Il était fatigué. Totalement abattu par tant de connerie, de comédie ou tout simplement par la vie, Atlas n'avait plus envie de lutter pour ce round. Tant pis, le mioche manipulateur qu'était Boycott aurait sa peau ce soir. Hiroki ne chercherait pas à dénouer le complot, à semer le trouble, et à débusquer la vérité. Il enchaîna les verres lui aussi, sans plus prêter attention à l'Alcatraz. Un coude posé maintenant son verre plein près de ses lèvres, l'autre bras comme mort sur la table, il attendait. Quoi, il ne saurait dire, mais il attendait. Le regard éteint. Il ne réagissait même plus aux sautes d'humeur du jeune ivrogne à côté de lui. Et il le prit dans ses bras, encore. Vidé de toute combativité, le blondinet se contenta de le repousser violemment, un regard mauvais glissant sur sa personne.

" - Arrête ça morveux. Chui pas un mouchoir. "

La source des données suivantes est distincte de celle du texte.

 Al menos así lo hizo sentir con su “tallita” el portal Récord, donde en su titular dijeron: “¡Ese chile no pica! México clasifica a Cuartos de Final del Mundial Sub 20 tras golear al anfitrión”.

Et pourtant il se sentait humide. Et froissé aussi. Sale également. Soirée de merde va. Il se resservi, contempla le verre de l'autre idiot et décida qu'il avait assez picolé comme ça.

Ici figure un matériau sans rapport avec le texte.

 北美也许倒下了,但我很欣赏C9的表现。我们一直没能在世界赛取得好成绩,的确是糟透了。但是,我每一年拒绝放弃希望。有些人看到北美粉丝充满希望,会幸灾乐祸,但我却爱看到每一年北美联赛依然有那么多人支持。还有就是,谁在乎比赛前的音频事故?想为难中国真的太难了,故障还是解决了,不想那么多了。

" - Ça se passe à Alca ? Quoi de neuf ? Vous allez bientôt tous crever dans une explosion ? "

Plus histoire de faire la conversation que collecter des informations. Puisque c'était le seul à qui il pourrait parler ce soir, et que de toute manière il semblait vouloir le coller sans cesse. Si bien que l'Exodus décida de serrer les fesses, car il avait désormais des doutes quant à ses attentions, c'était louche qu'un mec soit si tactile avec un autre. La jauge de suspicion était bloquée à 95% en terme de traîtrise, maintenant il en ouvrait une autre quant à sa sexualité. Voila, dossier Boycott rangé au fond de son esprit. Des badauds redoublaient de motivation à faire la fête ce soir. Ce bar était vraiment à chier et mal fréquenté. Peut-être qu'il y enverrait Blacky faire un peu de ménage, ça ne ferait pas de mal.